In [1]:
import pandas as pd
import numpy as np
import scipy.stats as stats
import statsmodels.api as sm
from statsmodels.formula.api import ols

In [2]:
data = pd.read_csv('measurements_clean.csv')
display(data.shape)
data.head()

(388, 16)

Unnamed: 0,distance,consume,speed,temp_inside,temp_outside,specials,gas_type,ac,rain,sun,refill_liters,refill_gas,fuel_price_liter,fuel_consume_km,trip_cost,cost_km
0,28.0,5.0,26,21.5,12,other,E10,0,0,0,45.0,E10,1.38,1.4,1.932,0.069
1,12.0,4.2,30,21.5,13,other,E10,0,0,0,37.115385,E10,1.38,0.504,0.69552,0.05796
2,11.2,5.5,38,21.5,15,other,E10,0,0,0,37.115385,E10,1.38,0.616,0.85008,0.0759
3,12.9,3.9,36,21.5,14,other,E10,0,0,0,37.115385,E10,1.38,0.5031,0.694278,0.05382
4,18.5,4.5,46,21.5,15,other,E10,0,0,0,37.115385,E10,1.38,0.8325,1.14885,0.0621


+ **HYPOTHESIS TEST**

+ Null hypothesis (H0): SP98 gasoline has better performance than E10
+ Alternative hypothesis (H1): E10 gasoline has better performance than SP98

In [15]:
E10_data = data[data['gas_type'] == 'E10']
SP98_data = data[data['gas_type'] == 'SP98']

_, p_value = stats.ttest_ind(E10_data['cost_km'], SP98_data['cost_km'], equal_var=False)

alpha = 0.05

if p_value < alpha:
    conclusion = "There is sufficient evidence to reject the null hypothesis (H0) and conclude that E10 gasoline has better performance than SP98 gasoline."
else:
    conclusion = "There is not enough evidence to reject the null hypothesis (H0) and conclude that E10 gasoline has better performance than SP98 gasoline."

print(conclusion)


There is sufficient evidence to reject the null hypothesis (H0) and conclude that E10 gasoline has better performance than SP98 gasoline.


In [16]:
E10_data = data[data['gas_type'] == 'E10']
SP98_data = data[data['gas_type'] == 'SP98']
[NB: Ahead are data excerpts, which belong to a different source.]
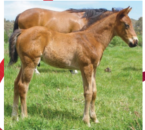
10/09 BR C MINT LANE - WINGS OF ALICE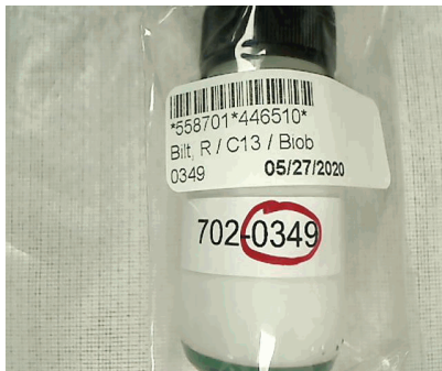
Package received - labeling COC

Laboratory Number Beta-558701 Percent modern carbon (pMC) 50.09 +/- 0.17 pMC Atmospheric adjustment factor (REF) 100.0; = pMC/1.000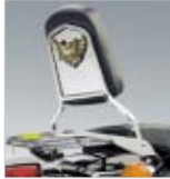
7 Backrest Plate Plain 8 Backrest Plate With Phoenix Logo A steel chrome-plated backrest plate to mount the backrest. Comes with or without logo.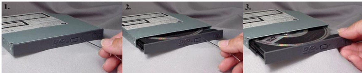
Figure 2.Using Emergency Eject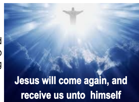
Jesus will come again, and receive us unto himself

But the story doesn't end there. Jesus was raised up from the grave and in doing so, He defeated sin and death.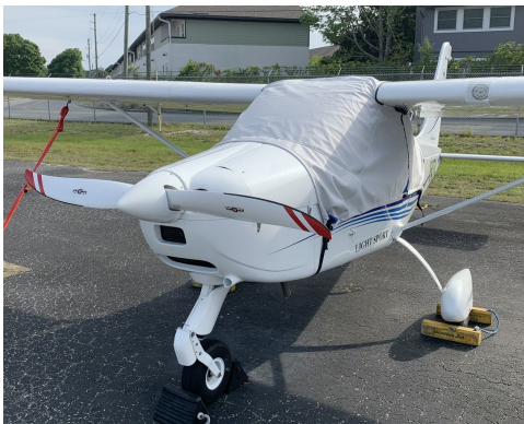
Tecnam P92 EAGLET Canopy Cover Over theTop Style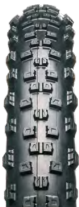
TORO KOLOSS P.58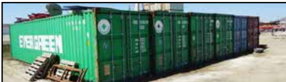
40' / 20' Sea Containers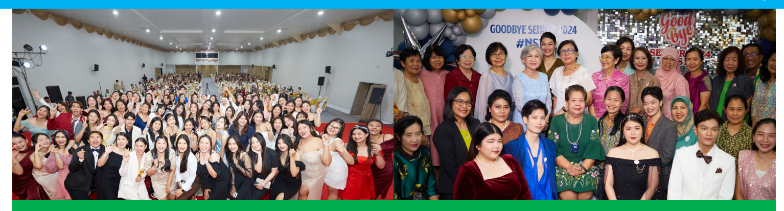
NURSING SCIENCE'S GOODBYE SENIOR PARTY AND COMMENCEMENT CEREMON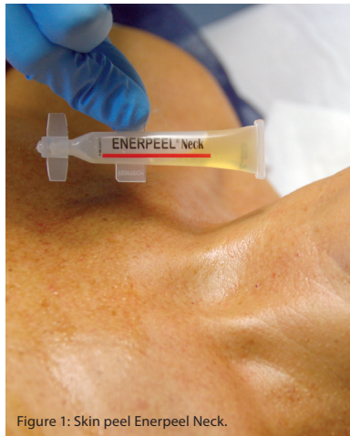
Figure 1: Skin peel Enerpeel Neck.

The second step takes place after two weeks. The use of fillers offers a versatile, non-surgical option for facial augmentation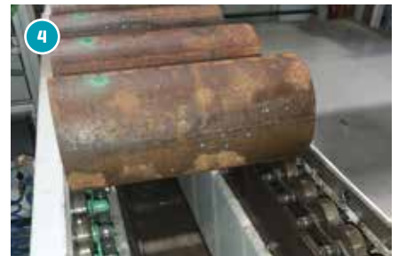
4) DISCHARGE CONVEYOR BELT Roller belt with width adjustment for variable diameters and lengths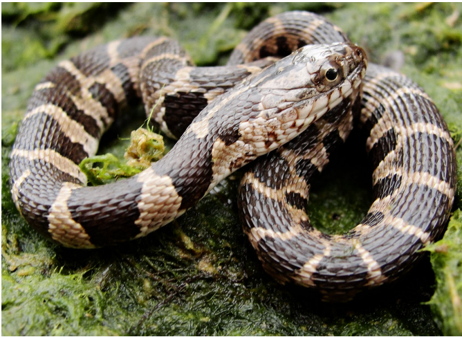
Fig. 2. Juvenile Common Watersnake ( Nerodia sipedon ).

genetic variation in habitat use before making generalizations (Lacy 1995, Savitzky and Burghardt 2000). Habitat use of aquatic juvenile snakes often is difficult to observe, however, because of capture biases (Rodda et al. 2007, Semlitsch and Moran 1984, Todd et al. 2007, Willson et al. 2008) and the size constraints of radio transmitters (Pattishall and Cundall 2008, Roth and Greene 2006, Tiebout and Cary 1987). Recently, researchers have examined juvenile pitviper ecology using advancements in transmitter technology (Cobb et al. 2005, Jellen and Kowalski 2007), yet this type of work still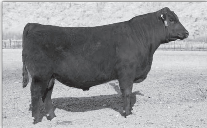
JVC Spur 247 - Lot 21

_, p_value = stats.ttest_ind(E10_data['cost_km'], SP98_data['cost_km'], equal_var=False)
_, p_value

(-2.3785667365686978, 0.017869136647470033)

+ **Compare the hypothesis with the previous analysis of columns**

In [11]:

cost_km = data.groupby('gas_type')['cost_km'].mean()
distance = data.groupby('gas_type')['distance'].mean()

best_cost_km = cost_km.idxmin()
best_distance = distance.idxmax()

if best_cost_km == best_distance:
    best_gas_type = best_cost_km
else:
    best_gas_type = None

print("Cost per KM:")
print(cost_km)
print("\nAverage distance:")
print(distance)
print("\nBest type of gasoline based on cost per kilometer and distance:")
best_gas_type

Cost per KM:
gas_type
E10     0.068051
SP98    0.071527
Name: cost_km, dtype: float64

Average distance:
gas_type
E10     21.096250
SP98    18.639912
Name: distance, dtype: float64

Best type of gasoline based on cost per kilometer and distance:


'E10'

# Conclusion: Contemplating the distance, the cost of gasoline, the kilometers that it gives us performance, I can conclude that E10 gasoline is giving us better results per kilometer advanced.